### Task item
Repeat the following entries exactly, excluding pictures.

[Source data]
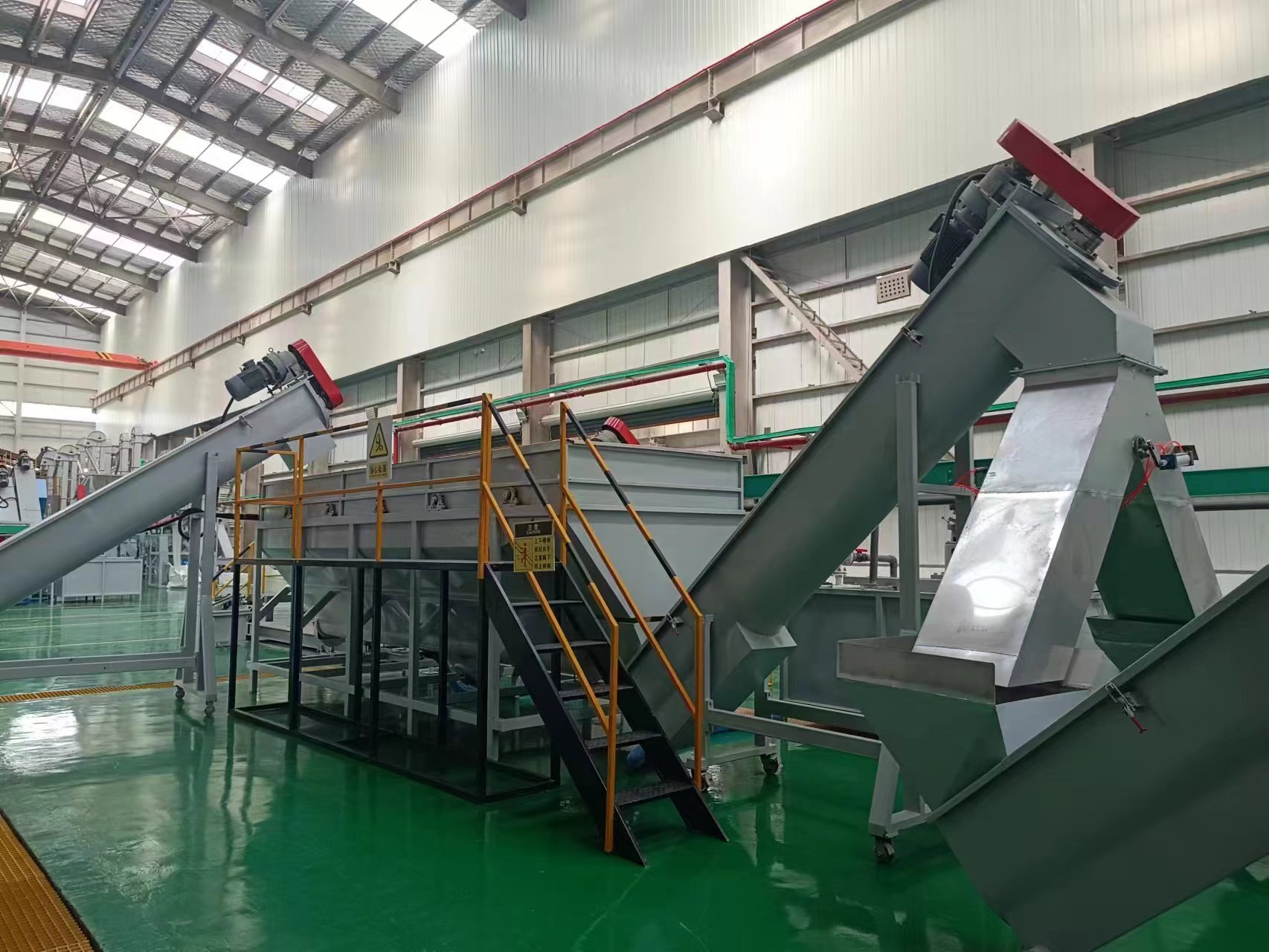 塑料破碎清洗分选生产线,用于处理废旧铅酸蓄电池经破碎拆解分选后产生的塑料,该生产 线具有色选选净率高、杂质分离效果好、污水排放量低等优点。
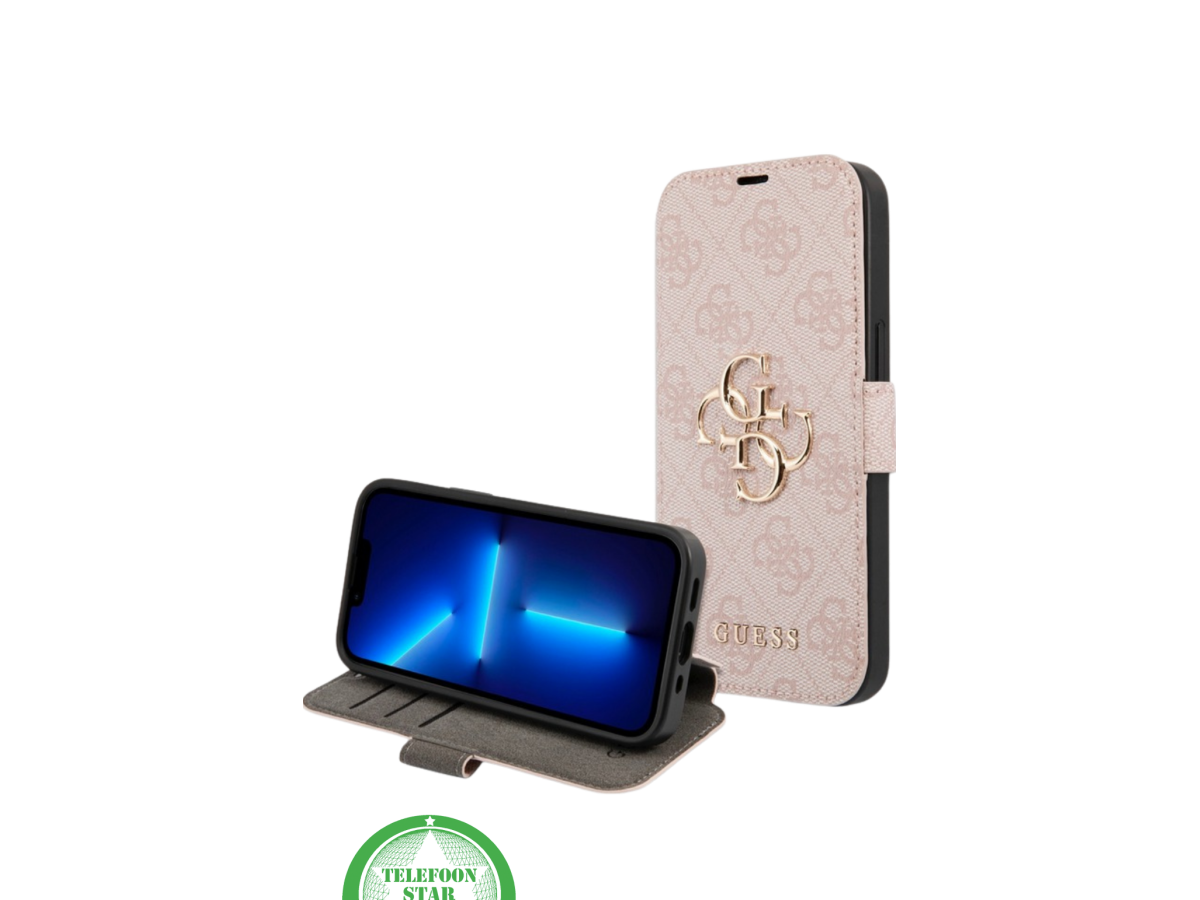 Geef je iPhone 15 een stijlvolle en elegante uitstraling met dit roze bookcase hoesje.
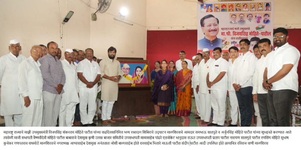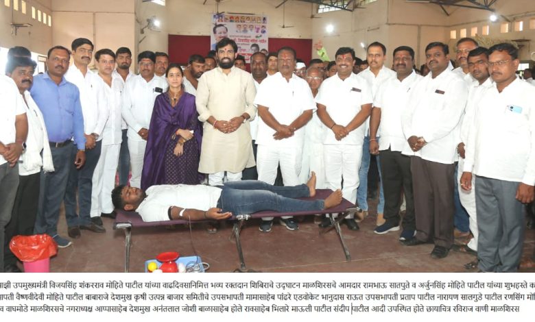 महाराष्ट्राचे माजी उपमुख्यमंत्री विजयसिंह मोहिते पाटील यांच्या वाढदिवसानिमित्त रक्तदान शिबिर संपन्न
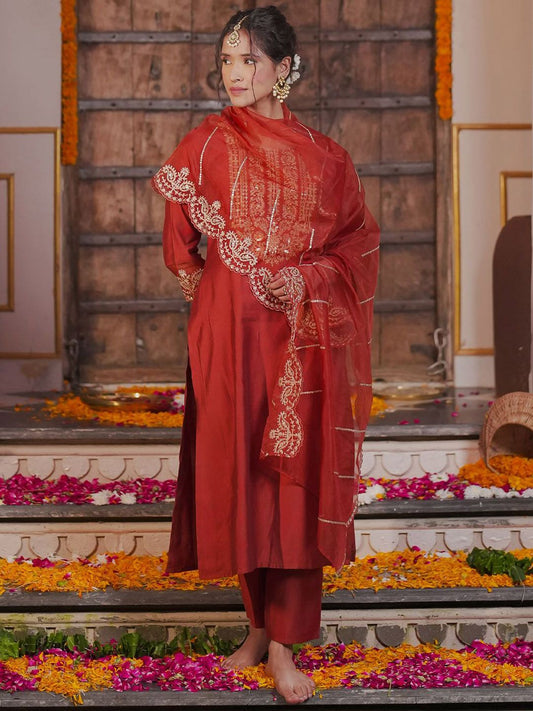 Dhiyona IE Ethnic Motifs Embroidered Sequinned Kurta With Trousers & Dupatta
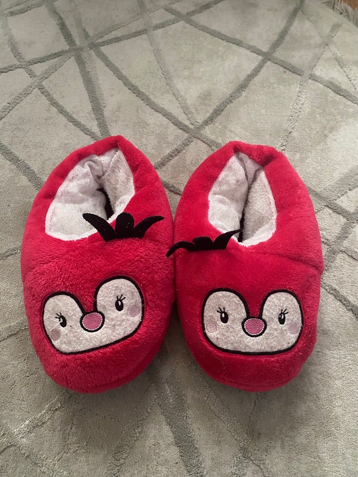 kırmızı, nakışlı ve şişkin yapıda, yumuşak kumaştan sıcak terlikler. Renkli ve pop kültür esintili detaylar içerir. İyi durumdadır yırtığı yoktur 36 37 numaraya uygun
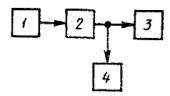 где U1, U2, U3 - соответственно величины напряжения основного сигнала и его второй и третьей гармоник. Измерения проводят на частотах 40, 63, 125, 250, 500, 1000 (800), 2000, 4000 Гц - для трактов (звеньев) с полосой частот до 15 кГц; 100 (63), 125, 250, 500, 1000 (800), 2000 Гц - для трактов (звеньев) с полосой частот до 10 и 6,4 (6,3) кГц*. * Допускается для трактов проводного вещания проводить измерения на абонентской розетке на частоте 1 и 4 кГц. В КЗВ, содержащих устройства частотного предыскажения (ПК-ВК), измерения проводят на частоте 800 Гц. В цифровых КЗВ измерения проводят на частоте 2,1 кГц. 3.3.5. Измерение взвешенного шума производят по схеме, приведенной на черт. 14. 1 - резистор - эквивалент сопротивления источника; 2 - измеряемый тракт или звено; 3 - номинальное сопротивление нагрузки - резистор; 4 - псофометр Черт. 14 Вход тракта (звена) загружают сопротивлением (600±30) Ом. Взвешенный шум измеряют псофометром, выполненным в соответствии с Рек. 468-4 МККР или Р.53 МККТТ, амплитудно-частотные характеристики взвешивающих фильтров которых приведены на черт. 10 и 11**. ** При измерении невзвешенного шума отключают взвешивающий фильтр псофометра. Низкочастотные компандеры в КЗВ должны быть выключены. При этом измеренная величина защищенности от шума может быть меньше на величину защищенности от шума, создаваемого этими компандерами. Для КЗВ, образованных аппаратурой АВ 2/3, эта величина составляет 11 дБ. Защищенность (А) от взвешенного шума вычисляют по формуле A = Nмакс.сигн - Nш, где N макс. сигн - максимальный уровень сигнала; Nш - измеренный уровень шума или
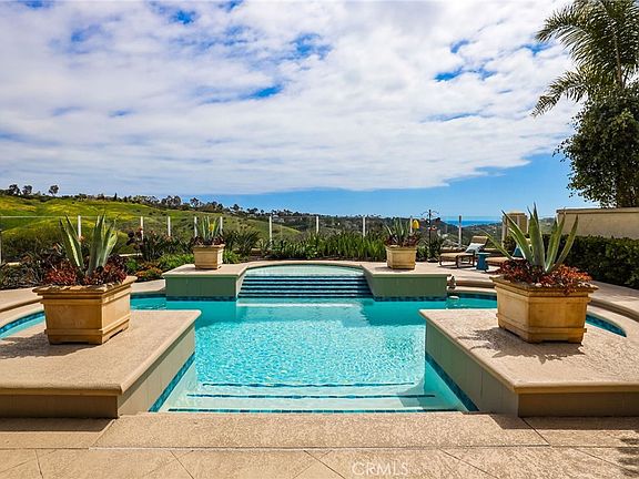 COASTAL ELEGANCE - Panoramic views are the backdrop for this exquisitely remodeled rare single-level residence. This property, previously a model home, is located on one of the most sought-after expansive pool lots within the prestigious gated community of Siena. Upon entering through the stunning, custom double doors, one is immediately presented with an uninterrupted view of the tranquil pool, hillside, and ocean in the distance. Open the glass-paneled walls to embrace an al fresco experience, seamlessly integrating indoor and outdoor living. This setting is ideal for hosting events or enjoying serene moments. The reimagined open concept floor plan flows effortlessly from the living room, family room, dining area and chef’s kitchen. The kitchen includes stone counters, sit down island, walk in pantry and six-burner Dacor range, certain to delight any culinary enthusiast. Custom-designed millwork with open display shelving separates the living room and family room, highlighting a double-sided fireplace and temperature-controlled wine storage. In the expansive primary bedroom, wake up to a stunning view through the large glass sliding doors, then enjoy the spa-inspired ensuite with a luxurious soaking tub, glass shower, custom cabinetry, and designer tile and stone. The secondary bedroom is spacious with an impressive 3/4 bathroom featuring upscale stone and tile. The third bedroom, which is open and abundant in natural light, is presently utilized as an open office. Plank wood flooring offers cohesion and warmth throughout, paired with soaring ceilings, elevated finishes and custom designed lighting, the perfect ambience is always attainable. Outdoors enjoy a private, solar-heated pool with sunset views for relaxation and entertainment. The open side yard is a grassy area suitable for planting or gardening. Residents of Siena appreciate exclusive access to a private community pool, spa, and cabana. In addition, Marina Hills Community offers a competition-sized pool, spa, clubhouse, and tennis and pickleball courts for one’s enjoyment. Experience luxurious resort living with the exceptional amenities of Marina Hills and the scenic beach trail leading to the renowned Salt Creek Beach, Waldorf Astoria and Monarch Beach Golf Course. Welcome to the sophisticated beach lifestyle of Laguna Niguel.

### Answer
 塑料破碎清洗分选生产线,用于处理废旧铅酸蓄电池经破碎拆解分选后产生的塑料,该生产 线具有色选选净率高、杂质分离效果好、污水排放量低等优点。
 Geef je iPhone 15 een stijlvolle en elegante uitstraling met dit roze bookcase hoesje.
 महाराष्ट्राचे माजी उपमुख्यमंत्री विजयसिंह मोहिते पाटील यांच्या वाढदिवसानिमित्त रक्तदान शिबिर संपन्न
 Dhiyona IE Ethnic Motifs Embroidered Sequinned Kurta With Trousers & Dupatta
 kırmızı, nakışlı ve şişkin yapıda, yumuşak kumaştan sıcak terlikler. Renkli ve pop kültür esintili detaylar içerir. İyi durumdadır yırtığı yoktur 36 37 numaraya uygun
 где U1, U2, U3 - соответственно величины напряжения основного сигнала и его второй и третьей гармоник. Измерения проводят на частотах 40, 63, 125, 250, 500, 1000 (800), 2000, 4000 Гц - для трактов (звеньев) с полосой частот до 15 кГц; 100 (63), 125, 250, 500, 1000 (800), 2000 Гц - для трактов (звеньев) с полосой частот до 10 и 6,4 (6,3) кГц*. * Допускается для трактов проводного вещания проводить измерения на абонентской розетке на частоте 1 и 4 кГц. В КЗВ, содержащих устройства частотного предыскажения (ПК-ВК), измерения проводят на частоте 800 Гц. В цифровых КЗВ измерения проводят на частоте 2,1 кГц. 3.3.5. Измерение взвешенного шума производят по схеме, приведенной на черт. 14. 1 - резистор - эквивалент сопротивления источника; 2 - измеряемый тракт или звено; 3 - номинальное сопротивление нагрузки - резистор; 4 - псофометр Черт. 14 Вход тракта (звена) загружают сопротивлением (600±30) Ом. Взвешенный шум измеряют псофометром, выполненным в соответствии с Рек. 468-4 МККР или Р.53 МККТТ, амплитудно-частотные характеристики взвешивающих фильтров которых приведены на черт. 10 и 11**. ** При измерении невзвешенного шума отключают взвешивающий фильтр псофометра. Низкочастотные компандеры в КЗВ должны быть выключены. При этом измеренная величина защищенности от шума может быть меньше на величину защищенности от шума, создаваемого этими компандерами. Для КЗВ, образованных аппаратурой АВ 2/3, эта величина составляет 11 дБ. Защищенность (А) от взвешенного шума вычисляют по формуле A = Nмакс.сигн - Nш, где N макс. сигн - максимальный уровень сигнала; Nш - измеренный уровень шума или
 COASTAL ELEGANCE - Panoramic views are the backdrop for this exquisitely remodeled rare single-level residence. This property, previously a model home, is located on one of the most sought-after expansive pool lots within the prestigious gated community of Siena. Upon entering through the stunning, custom double doors, one is immediately presented with an uninterrupted view of the tranquil pool, hillside, and ocean in the distance. Open the glass-paneled walls to embrace an al fresco experience, seamlessly integrating indoor and outdoor living. This setting is ideal for hosting events or enjoying serene moments. The reimagined open concept floor plan flows effortlessly from the living room, family room, dining area and chef’s kitchen. The kitchen includes stone counters, sit down island, walk in pantry and six-burner Dacor range, certain to delight any culinary enthusiast. Custom-designed millwork with open display shelving separates the living room and family room, highlighting a double-sided fireplace and temperature-controlled wine storage. In the expansive primary bedroom, wake up to a stunning view through the large glass sliding doors, then enjoy the spa-inspired ensuite with a luxurious soaking tub, glass shower, custom cabinetry, and designer tile and stone. The secondary bedroom is spacious with an impressive 3/4 bathroom featuring upscale stone and tile. The third bedroom, which is open and abundant in natural light, is presently utilized as an open office. Plank wood flooring offers cohesion and warmth throughout, paired with soaring ceilings, elevated finishes and custom designed lighting, the perfect ambience is always attainable. Outdoors enjoy a private, solar-heated pool with sunset views for relaxation and entertainment. The open side yard is a grassy area suitable for planting or gardening. Residents of Siena appreciate exclusive access to a private community pool, spa, and cabana. In addition, Marina Hills Community offers a competition-sized pool, spa, clubhouse, and tennis and pickleball courts for one’s enjoyment. Experience luxurious resort living with the exceptional amenities of Marina Hills and the scenic beach trail leading to the renowned Salt Creek Beach, Waldorf Astoria and Monarch Beach Golf Course. Welcome to the sophisticated beach lifestyle of Laguna Niguel.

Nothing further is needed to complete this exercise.